Escorts to pay Rs 50,000 for medical negligence
Taking a tough stand against medical negligence, the apex consumer court has slapped a Rs 50,000 penalty on the Delhi-based Fortis Escorts Heart Institute for an infected blood transfusion that left a patient afflicted with Hepatitis B within weeks of undergoing a bypass surgery in 1995.

‘There is clear nexus between the blood transfusion on Harbans Kaur Chawla during the course of her cardiac surgery at the institute and her contracting Hepatitis B 60 days later,’ National Consumer Disputes Redressal Commission president Ashok Bhan and member Vineeta Rai said in a recent ruling.

‘Perhaps, there is a case for hospitals like Escorts Institute, which conduct major surgeries, to seriously consider whether the ELISA (enzyme-linked immunosorbent assay) test could be replaced by a more reliable (screening) test,’ it said. The bench concluded that there was a link between 69-year-old Chawla’s infection and the surgery at Escorts hospital as ‘she had not undergone any other blood transfusion except at the institute’.

A report from PGI Hospital, Chandigarh, where Chawla went for consultation, confirmed this fact in writing, said the commission. For Chawla and her kin, justice has finally been done - even if it took 17 years and the final compensation amount was a fraction of over Rs 6 lakh that she sought.

The hospital, now known as Fortis Escorts Heart Institute, has the option of moving the Supreme Court for relief against the order of the consumer commission, which has given it time till the first week of November to pay the Rs 50,000 compensation to Chawla.

V R Gupta, medical superintendent of the institute, said, ‘When the commission’s order comes to us, we will see.’ Chawla underwent a bypass surgery at Escorts Heart Institute and Research Centre on 30 January 1995, during which four units of blood from the hospital’s blood bank were transfused into her.

By March 1995, it was noted that she had lost her appetite, could not take food and had developed fever along with drowsiness and giddiness. She contacted doctor B S Bhatia at PGI Hospital, Chandigarh. After conducting a series of tests 30 March 1995, he informed her that she had contracted Hepatitis B infection due to transfusion of blood at the time of surgery.

A shocked Chawla underwent treatment for a damaged liver and faulty renal function but could not fully recover from the side effects of Hepatitis B.

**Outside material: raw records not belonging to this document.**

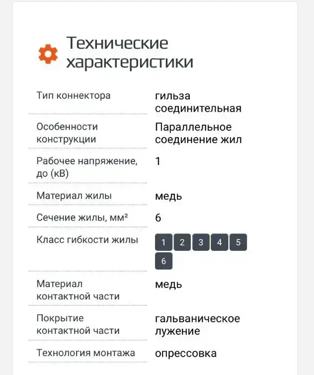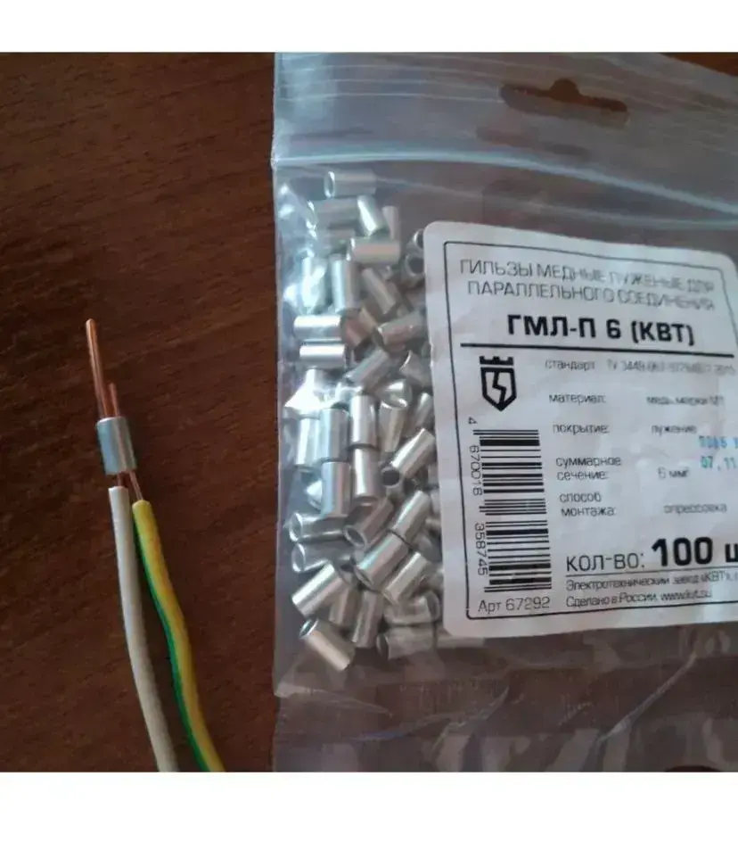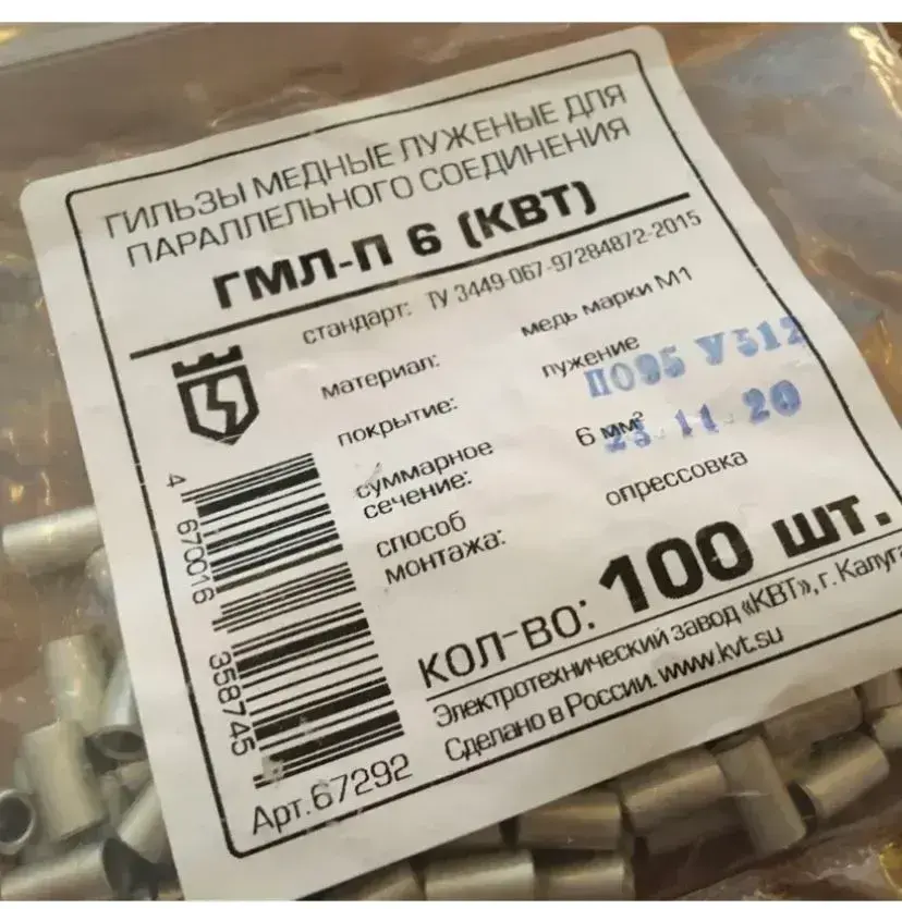 Гильза кабельная ГМЛ-П 6 медная луженая для параллельного соединения 30 шт
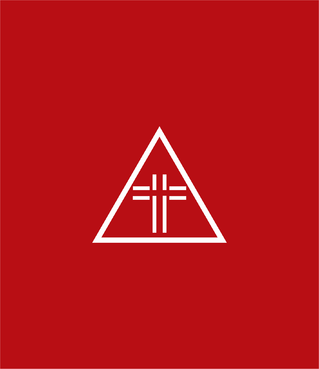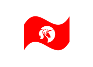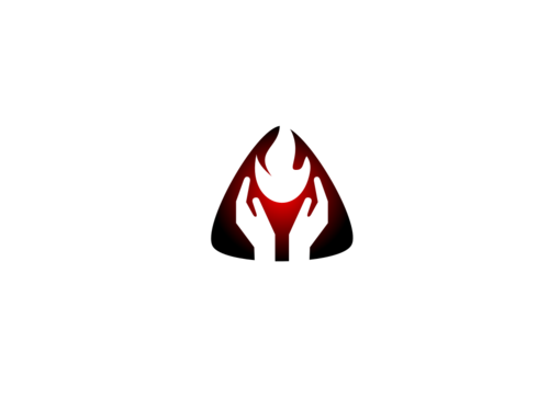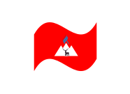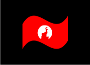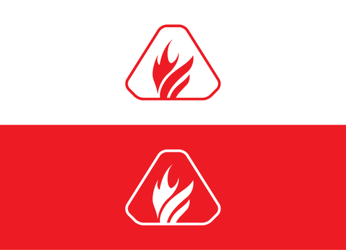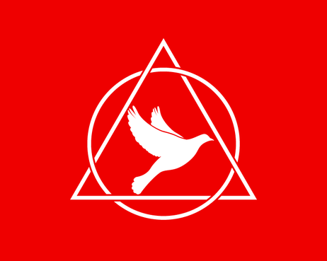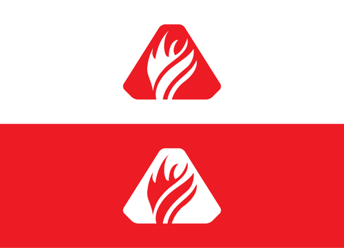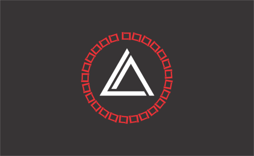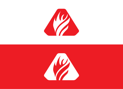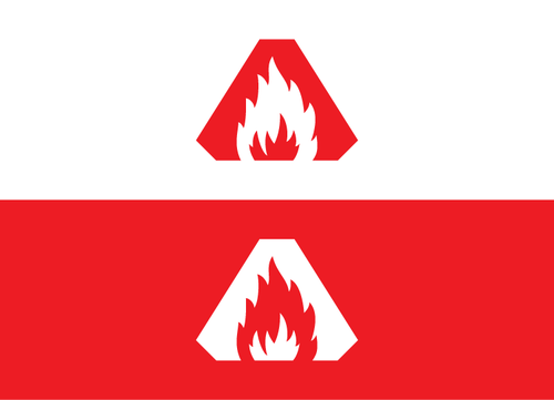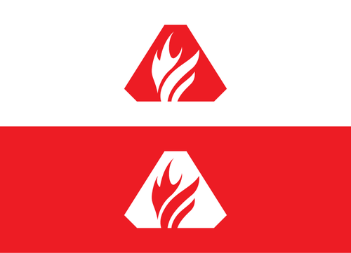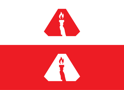 A chamfered triangle surrounding a geometrical shape(s) or object, ei an animal, human gesture, flame or some other item within this realm. Preferably the symbol will be either white or black with a red backdrop on the flag.
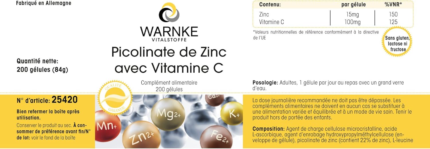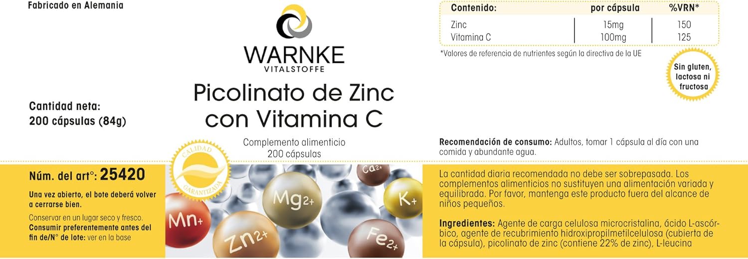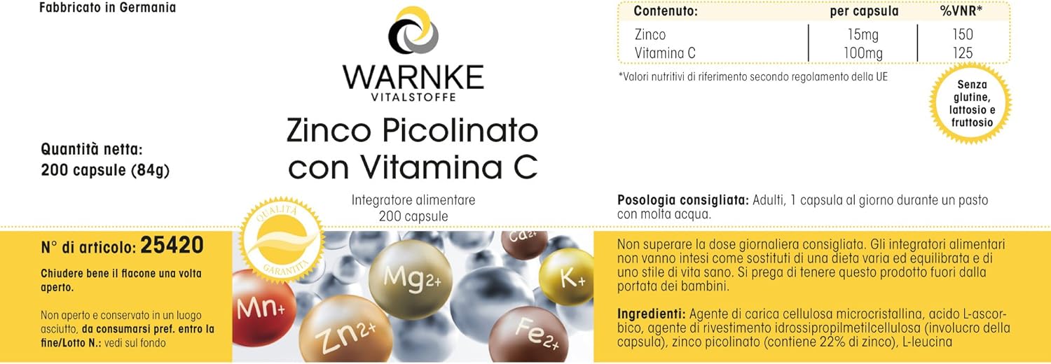 Zink + Vitamine C – 15mg zink per capsule – hoge dosering & veganistisch – van zinkpicolinaat – 200 capsules | Warnke Vitalstoffe – Duitse apothekerskwalitei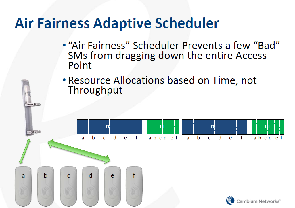 3) Air Fairness – O sistema é Ponto MultiPonto, porém o AP sempre trata os CPE (equipamentos clientes) de maneira individual. Como o sistema é TDD, o ePMP trabalha com 2 divisões: downlink e uplink.  Imagine que cada bloco de DL e UL é subdividido em vários blocos, um para cada SM registrado. Quando o AP fizer a transmissão ou recepção ele vai trabalhar com cada SM individualmente ou seja, é praticamente um ponto a ponto. A vantagem disso é que o AP opera com a modulação máxima de cada cliente. Logo, não importa se você tem um cliente mais distante, ou com muita interferência, com baixa modulação. Isso não vai afetar toda a sua rede, pois o AP trabalha com os SMs de maneira individual.
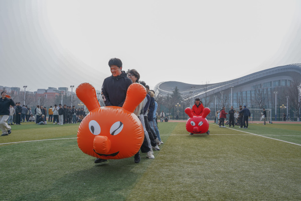 飞盘九宫格区域,选手们凝神聚气,5米线外的精准投掷屡屡引来喝彩;趣味袋鼠跳赛场笑声不断,选手们套着布袋奋力跳跃,即便不慎摔倒也迅速起身继续,尽显坚韧;竞速毛毛虫项目中,8名队员同骑充气道具,喊着整齐口号同步抬腿,步伐一致冲向终点;压轴的零食大作战更是将气氛推向高潮,选手们如离弦之箭冲向零食区,脸上洋溢着灿烂笑容。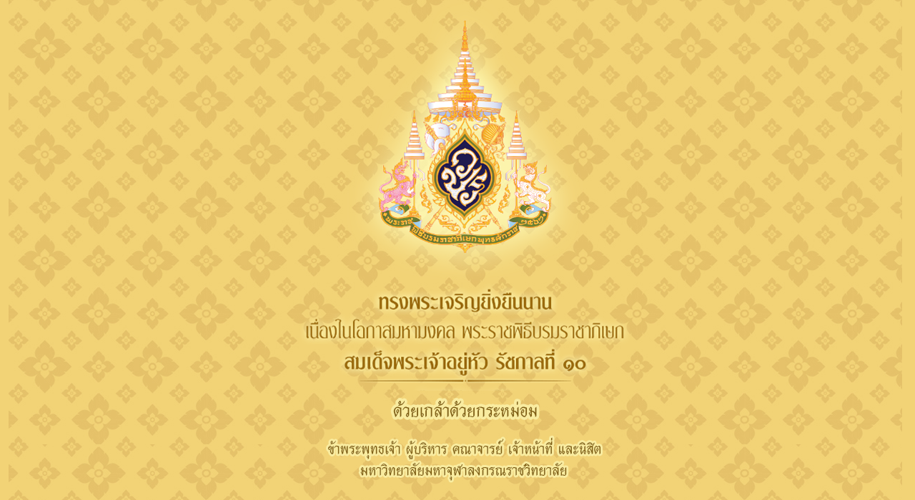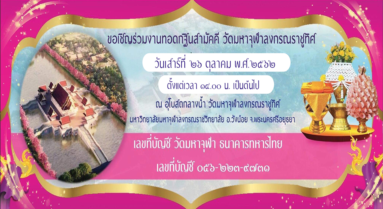 ขอเชิญร่วมงานทอดกฐินสามัคคี วัดมหาจุฬาลงกรณราชูทิศ : ขอเชิญร่วมงานทอดกฐินสามัคคี วัดมหาจุฬาลงกรณราชูทิศ ในวันที่ ๒๖ ตุลาคม ๒๕๖๒ ตั้งแต่เวลา ๑๔.๐๐ น. ณ อุโบสถกลางน้ำ วัดมหาจุฬาลงกรณราชูทิศ มหาวิทยาลัยมหาจุฬาลงกรณราชวิทยาลัย วังน้อย อยุธยา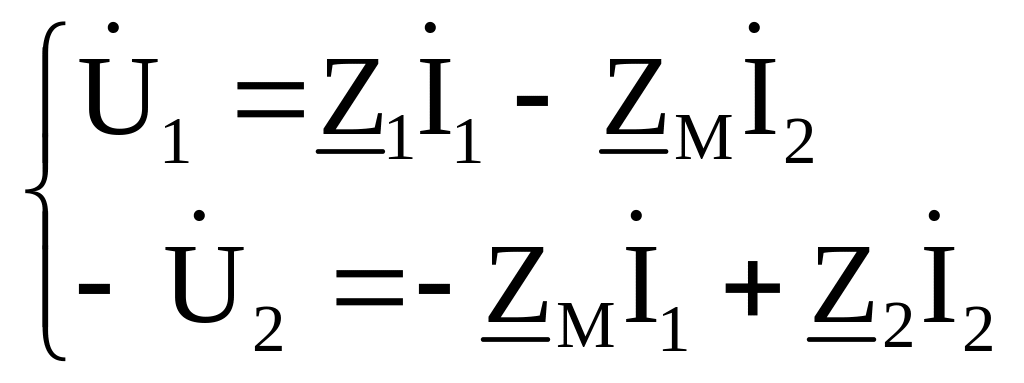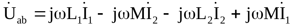 Струми вмикають в одноіменні затискачі, при узгодженому включенні. На Рис.10.4. початки обмоток котушок при узгодженому включенні позначені . Неузгоджене – в різноіменні затискачі, позначення – ().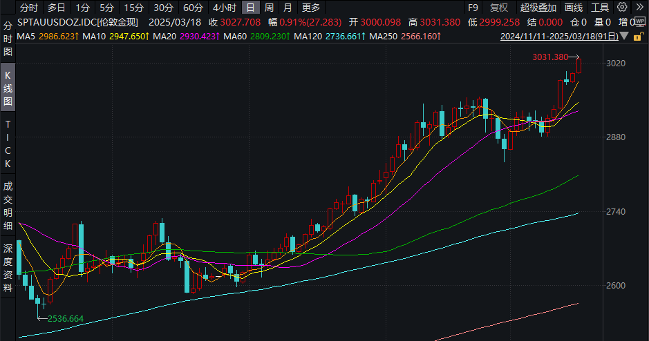 继纽约黄金期货市场超过每盎司3000美元后,伦敦现货黄金于3月17日收于每盎司3000.83美元,创历史新高。北京时间18日晚,国际黄金价格再创新高。Wind数据显示,伦敦现货黄金价格一度超过每盎司3030美元,涨幅接近1%。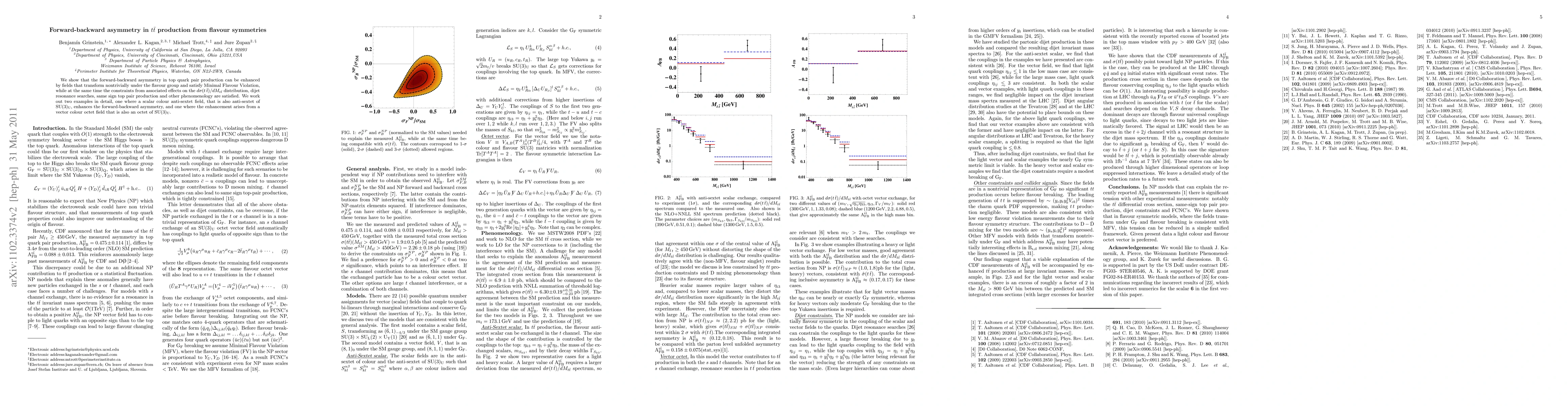 This paper demonstrates that forward-backward asymmetry in top quark pair production can be significantly enhanced by fields respecting Minimal Flavour Violation, specifically scalar and vector fields transforming nontrivially under the flavour group. Both examples satisfy additional phenomenological constraints.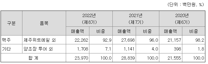 당사는 '크래프트 맥주의 대중화', '맥주의 미식 문화 창조' 라는 비전을 가지고 2015년 2월 회사를 설립하였습니다. 국내 맥주시장은 수입맥주의 다양화, 하우스 맥주 및 소규모 양조장의 증가로 인하여 크래프트 맥주에 대한 관심이 계속 상승하고 있으며, 차별화된 제품과 프리미엄 맥주에 대한 관심 증가로 국내 주류소비 트렌드가 급속히 변화하고 있는 추세입니다. 당사는 이러한 트렌드 변화에 발맞추어, 우수한 품질의 다양한 맥주들을 대량 생산하는 모델로 소비자의 변화된 니즈를 충족시키고 국내 맥주시장의 질적 성장에 기여하고자 하는 목표를 가지고 있습니다.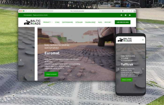 Dla naszego klienta, firmy Baltic Roads, lidera w dziedzinie wynajmu i montażu dróg tymczasowych oraz mat ochronnych, zrealizowaliśmy nowoczesną i w pełni responsywną stronę internetową. Celem projektu było stworzenie profesjonalnej wizytówki online, która w przejrzysty sposób zaprezentuje ofertę firmy, a jednocześnie zapewni intuicyjną obsługę użytkownikom na każdym urządzeniu.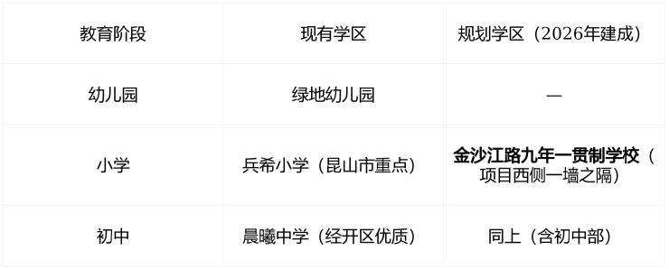 城市商圈 :5公里内覆盖 昆山奥特莱斯、金鹰国际、开市客(规划中)、永旺梦乐城 ,满足高端消费与家庭购物。

She then decided to approach the courts and filed a complaint before the Delhi State Consumer Commission on the grounds of medical negligence and deficiency in service.

She sought a refund of Rs 165,250 spent on the bypass surgery and Rs 25,000 towards expenses incurred for treatment at PGI Hospital, Chandigarh, as well as Rs 5 lakh, along with interest, towards permanent disability.

The state consumer commission backed her and said since PGI Hospital was a government institute and not a competitor of the Escorts Institute, there was no room for doubting the authenticity of the diagnosis by the doctors of the Chandigarh hospital. It directed Escorts Institute to pay Chawla a compensation of Rs 50,000 and said that the doctors who conducted the bypass surgery could not be held guilty of negligence.